I had forgotten about the peeing rule.
One of my friends was married 2 weeks before I was. She got a UTI on her honeymoon in Hawaii. She told me to remember to pee before and after sex. Good advice.
Thanks also to the references for the book, “Taking Charge of your Fertility.” I’ll have to get that for my sister as an engagement present.
It sounds like sex-ed in school varies quite a bit from region to region. I only remember a maturation program in Jr. High, though there may have been sex-ed in HS that I’m not remembering.
I didn’t get that much help from my parents, so I knew very little upon entering college, and slightly more when I married.
Zillah, thanks for the info about the IUD. I’ll have to see if my sis can get one. They’re the best!
I wish that I had researched the birth control pill. I didn’t know that one possible side effect is major depression. Now I do.
FoxyJ, I’m having the same issue with the pill–worked great pre-kids but has just messed with my moods and cycles post-kids.
This doesn’t relate to birth control, but one of our bloggers here gave me the best sex advice: give it about 2 years for it to get really good. That saved me a lot of worry.
Sex got so much better after the vasectomy!!
And, the pill made me depressed. But I didn’t realize it until I went off of it. I just thought I was sad because I’d moved to grey, dreary Portland, had a crazy job, and maybe I’d married the wrong guy.
Turns out, it was just the Pill. Portland was still dreary, but six weeks after coming off the pill, it was like the lights turned on. I was back to my normal, happy, euthymic self.
Elizabeth, I totally agree! My husband had a vasectomy earlier this year, and it’s amazing what not having to worry about another unplanned pregnancy has done for my libido.
I don’t agree with you about Portland being dreary. 🙂
A couple of years ago, a friend of mine (from church) got pregnant with her 5th even thought she had an IUD. Her husband is a doctor. I’m sure they think it is Divine intervention, but I also think someone got an operation to prevent a 6th since then.
When I was newly married, the pill worked fine. After my first, it did not work so well, and I had my second 17 months later.

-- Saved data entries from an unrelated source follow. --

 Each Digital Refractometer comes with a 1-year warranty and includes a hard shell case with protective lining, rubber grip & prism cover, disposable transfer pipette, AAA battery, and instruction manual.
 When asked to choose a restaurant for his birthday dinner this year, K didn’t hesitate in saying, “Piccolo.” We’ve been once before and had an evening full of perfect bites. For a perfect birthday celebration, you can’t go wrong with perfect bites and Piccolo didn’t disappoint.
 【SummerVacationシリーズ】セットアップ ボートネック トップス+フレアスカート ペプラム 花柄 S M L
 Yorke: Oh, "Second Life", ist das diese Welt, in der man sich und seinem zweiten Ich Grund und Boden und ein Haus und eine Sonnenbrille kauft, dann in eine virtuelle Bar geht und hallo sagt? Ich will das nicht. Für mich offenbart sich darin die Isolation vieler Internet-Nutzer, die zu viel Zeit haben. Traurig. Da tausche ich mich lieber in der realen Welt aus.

I then tried depo shots – very bad for depression. Eventually, hubby got a vasectomy, after I had to have all my insides surgically pulled back up following the third child. Now I wish they’d done a hysterectomy for me then (nine years ago,) because I think I’m having perimenopause symptoms, like migraines (12 migraines this month.)
Thank you.
Thank you for talking about this. This is something you never hear about at Church or in LDS circles. Thank you.
Do you think anyone in the Church makes an informed decision not to use artificial birth control anymore? Or am I truly a dinosaur who belongs back in Vernal?

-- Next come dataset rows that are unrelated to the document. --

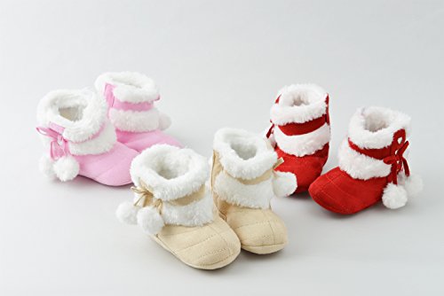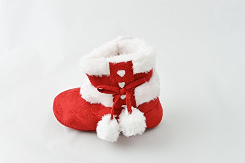 女の子 赤ちゃん ベビーブーツ ふわふわ あったか 履きやすい ショート ブーツ (13cm, レッド)
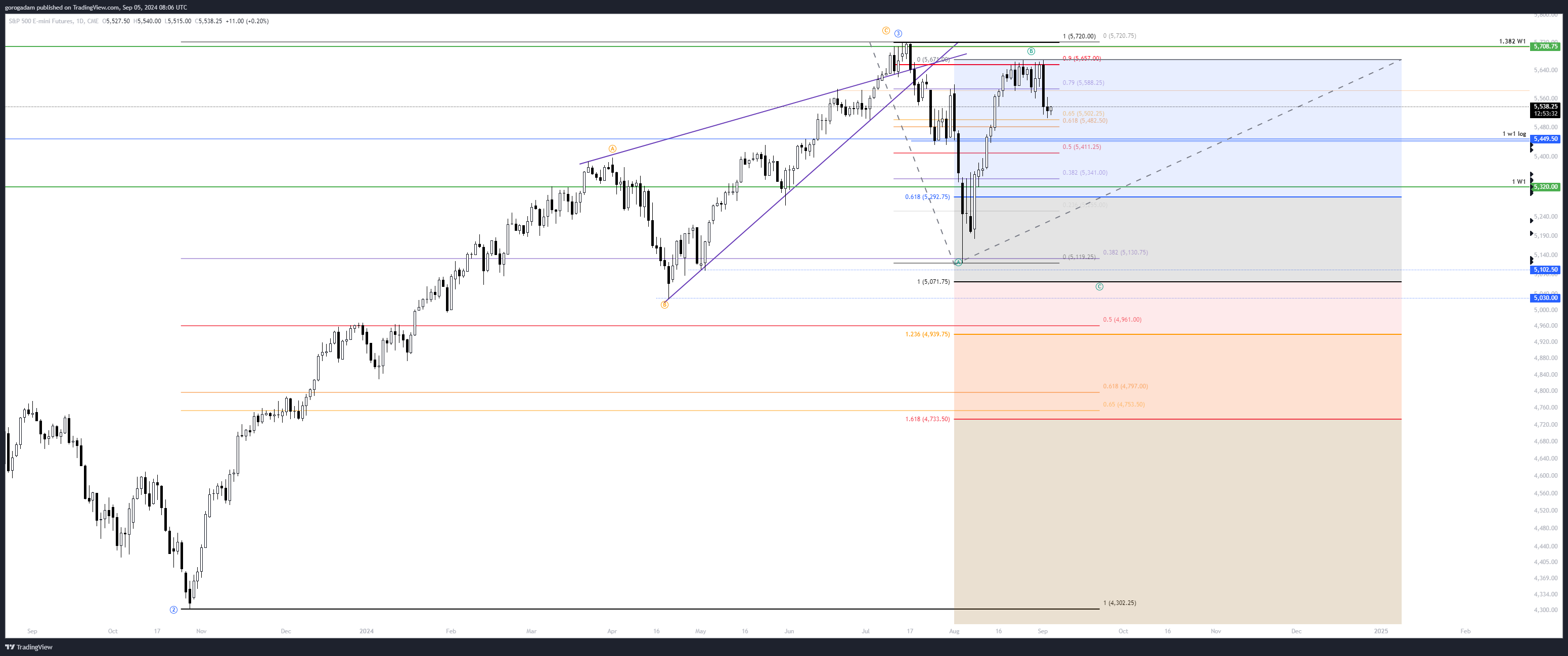 Eközben szerintem egy Wyckoff disztribúció zajlik, ha igen, akkor most egy medvés visszateszt jönne, majd elkezdődhet az igazi korrekció, várhatóan kb 5071-ig (regular flat korrekciónál az A és C hullámok egyenlőek szoktak lenni).
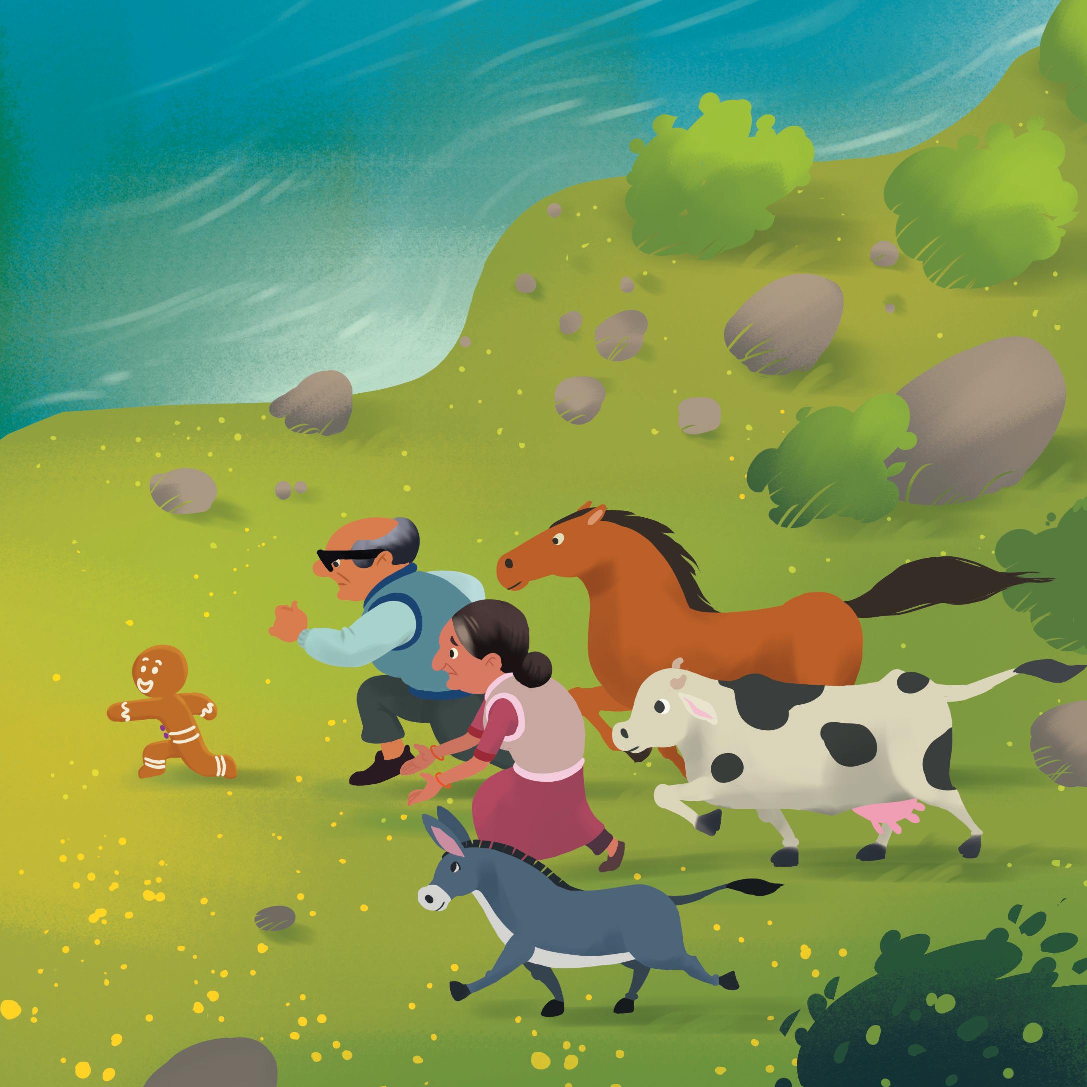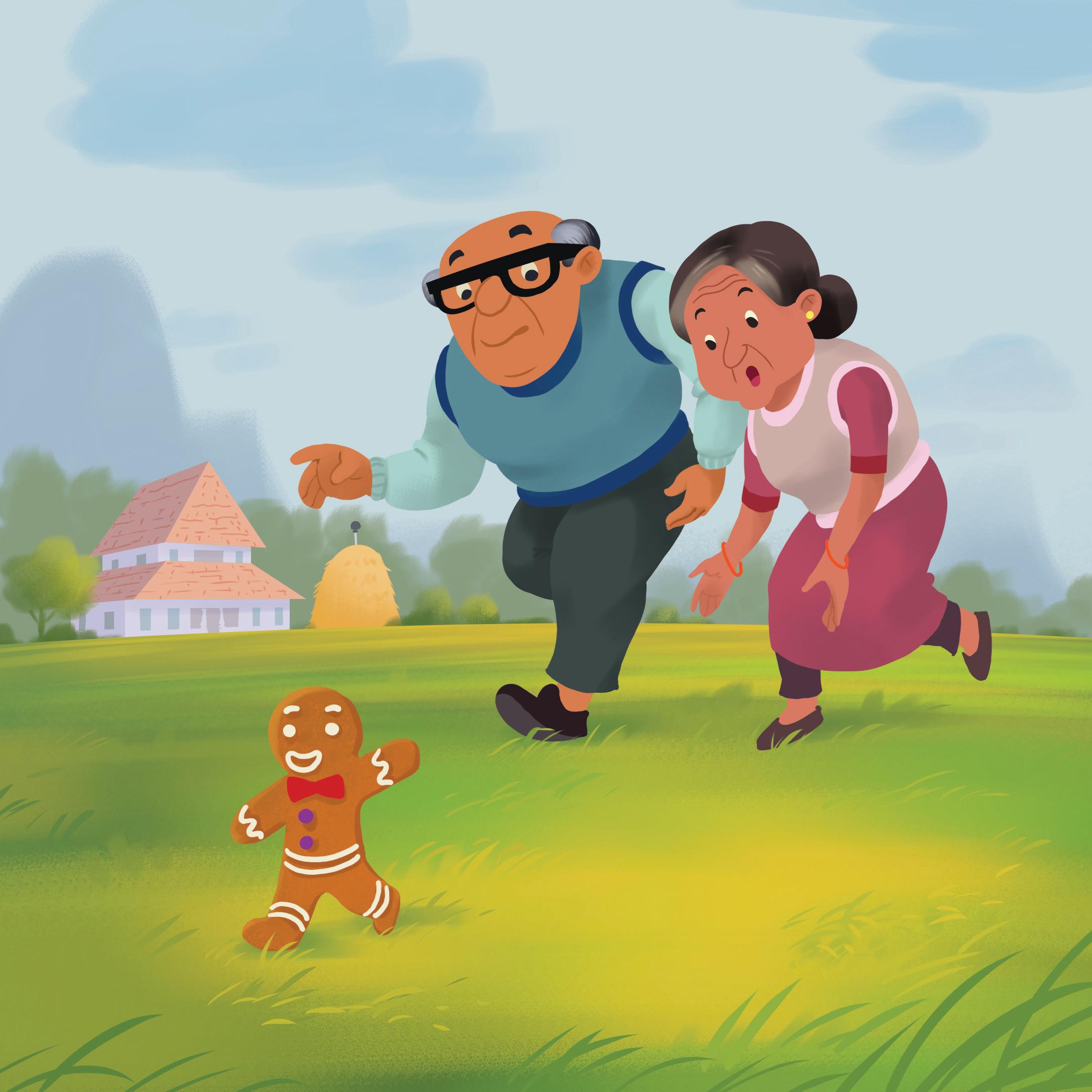 The gingerbread man then ran outside. The old woman and the old man chased him. The gingerbread man just ran faster and faster. Come back! Come back!

I was lucky my mom had gotten pregnant at 15 and didn’t know how it happened. She made sure to give us lots of info. I knew all the ends and outs. I also had 3 older sisters who openly discussed these things with me. It is great to be informed especially when you cant use birth control for medical reasons. I have successfully been able to plan everyone of my children only using condums. We even have 5 years between two of them. I don’t think I could have done this with out understanding it all.
As far as peeing after sex. I am thankful I learned that from a nurse while attending nursing school. I took her advice and didn’t realize until now how good it was.
I wish I could’ve talked more to my mom & YW & RS leaders about how much fun sex is! I, of course, had long assumed it was (colorful mind that I have). But talking more about it — the intricacies of sex would’ve been helpful, & sex would’ve been less of a mystery.
I also wish Relief Society & Young Women’s had outright succinct lessons in the manuals about the JOY OF SEX, paraphernelia, contraception, etc. for Sunday discussion.
Thankfully, Rob takes care of all the contraception, simply slipping one on everytime (whew!).